[PROVIDED DATA]
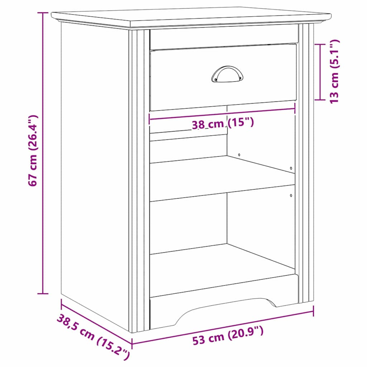 • Overall dimensions: 53 x 38.5 x 67 cm (W x D x H)
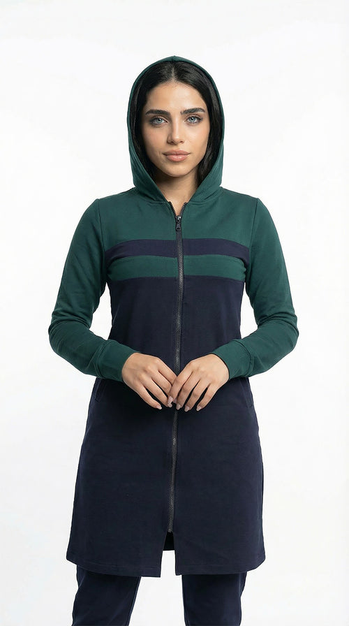 بيجاما هايدي مبطن من الوشين بكابيشو وخطين خارجيين سماوي في كحلي
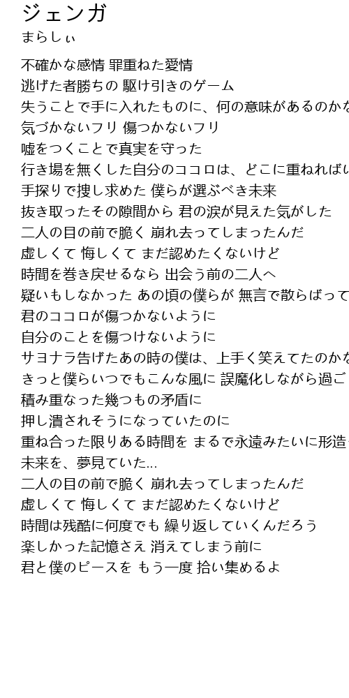 | 君と僕のピースを もう一度 拾い集めるよ |
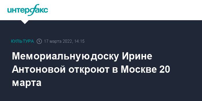 Мемориальную доску Ирине Антоновой откроют в Москве 20 марта
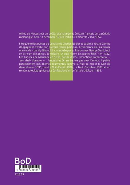 Alfred de Musset est un poète, dramaturge et écrivain français de la période romantique, né le 11 décembre 1810 à Paris, où il meurt le 2 mai 1857.Il fréquente les poètes du Cénacle de Charles Nodier et publie à 19 ans Contes d'Espagne et d'Italie, son premier recueil poétique. Il commence alors à mener une vie de « dandy débauché », marquée par sa liaison avec George Sand, tout en écrivant des pièces de théâtre : À quoi rêvent les jeunes filles ? en 1832, Les Caprices de Marianne en 1833, puis le drame romantique Lorenzaccio -- son chef-d'oeuvre --, Fantasio et On ne badine pas avec l'amour. Il publie parallèlement des poèmes tourmentés comme la Nuit de mai et la Nuit de décembre en 1835, puis La Nuit d'août (1836), La Nuit d'octobre (1837) et un roman autobiographique, La Confession d'un enfant du siècle, en 1836.
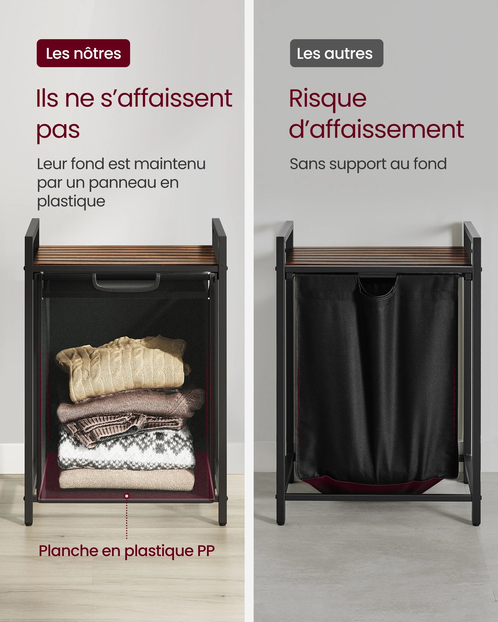 Associé fonctionnalité et style. Le sac amovible permet de collecter le linge facilement, tandis que le plateau supérieur en bois rustique offre un espace supplémentaire pour poser des accessoires.
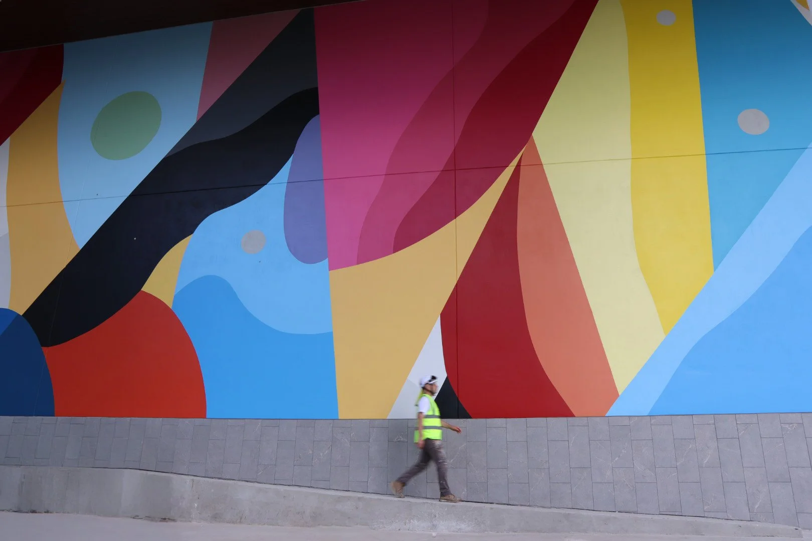 Drift & Flow, created for The Travis luxury high-rise apartments in Downtown Austin, Texas, connects the architecture to the natural movement of the nearby river and the energy of the Waterloo Greenway. The mural’s flowing composition and vibrant color palette create an uplifting atmosphere that enhances the sense of place and provides residents with an inspiring, welcoming environment.
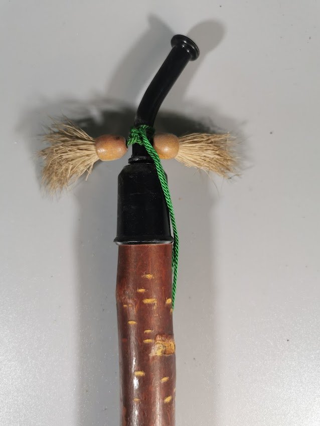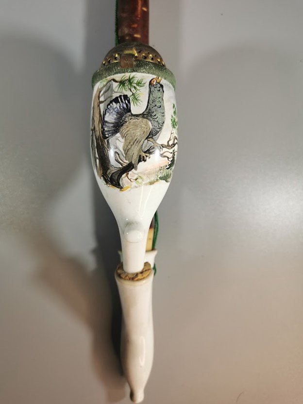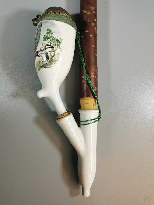 German Gesteckpfeife style tobacco pipe and porcelain bowl. This style of pipe is also known as a Jaeger Pipe, German hunter pipe, German Porcelain pipe, Tyrolean pipe, and Wine Pipe. The tobacco was packed in the porcelain bowl which was then placed in the reservoir (or abguss) of the pipe. The reservoir acted as a retainer for the juices and tar, and sometimes wine was placed in the reservoir to flavor the smoke. This style of pipe was popular in Central Europe from the 18th to the early 20th centuries and was most commonly associated with Germanic culture
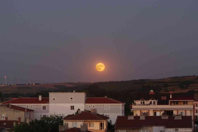 Tekirdağ semalarında izleyenlere muhteşem bir görsel şölen sunan dolunay, tepelerin arkasından doğarak geceyi gündüze çevirdi. 2022 yılının en büyük dolunayı olan Süper Ay, Türkiye saati ile 21.38’de görülmeye başladı. Süper Ay olayı astronomiye ilgi duyan kişiler tarafından heyecanla gözlemlendi.
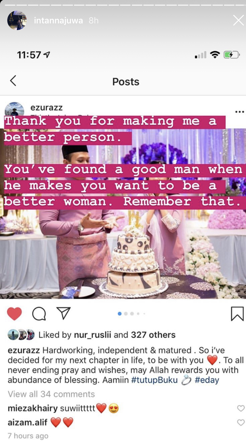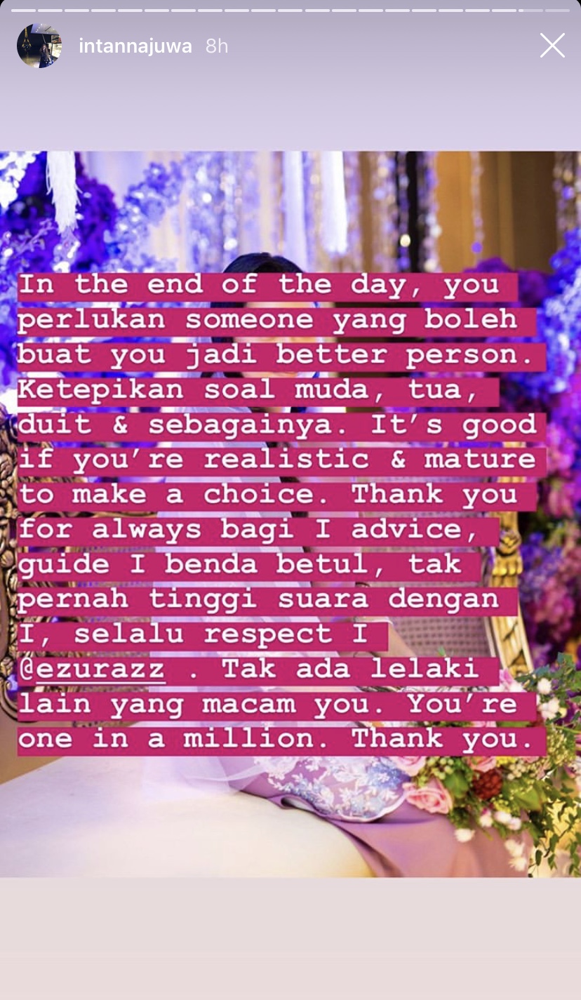 "Doakan lah yang baik-baik untuk @intannajuwa semoga hubungan ni sampai ke jinjang pelamin dan kekal selamanya," tulisnya.

[WORK REQUIRED] Using the entries above, repeat exactly the lines from the one with "بيجاما هايدي مبطن" to the one with "Alfred de Musset", both included, and leave the pictures behind.

[EXERCISE RESPONSE]
 بيجاما هايدي مبطن من الوشين بكابيشو وخطين خارجيين سماوي في كحلي
 | 君と僕のピースを もう一度 拾い集めるよ |
 Мемориальную доску Ирине Антоновой откроют в Москве 20 марта
 Alfred de Musset est un poète, dramaturge et écrivain français de la période romantique, né le 11 décembre 1810 à Paris, où il meurt le 2 mai 1857.Il fréquente les poètes du Cénacle de Charles Nodier et publie à 19 ans Contes d'Espagne et d'Italie, son premier recueil poétique. Il commence alors à mener une vie de « dandy débauché », marquée par sa liaison avec George Sand, tout en écrivant des pièces de théâtre : À quoi rêvent les jeunes filles ? en 1832, Les Caprices de Marianne en 1833, puis le drame romantique Lorenzaccio -- son chef-d'oeuvre --, Fantasio et On ne badine pas avec l'amour. Il publie parallèlement des poèmes tourmentés comme la Nuit de mai et la Nuit de décembre en 1835, puis La Nuit d'août (1836), La Nuit d'octobre (1837) et un roman autobiographique, La Confession d'un enfant du siècle, en 1836.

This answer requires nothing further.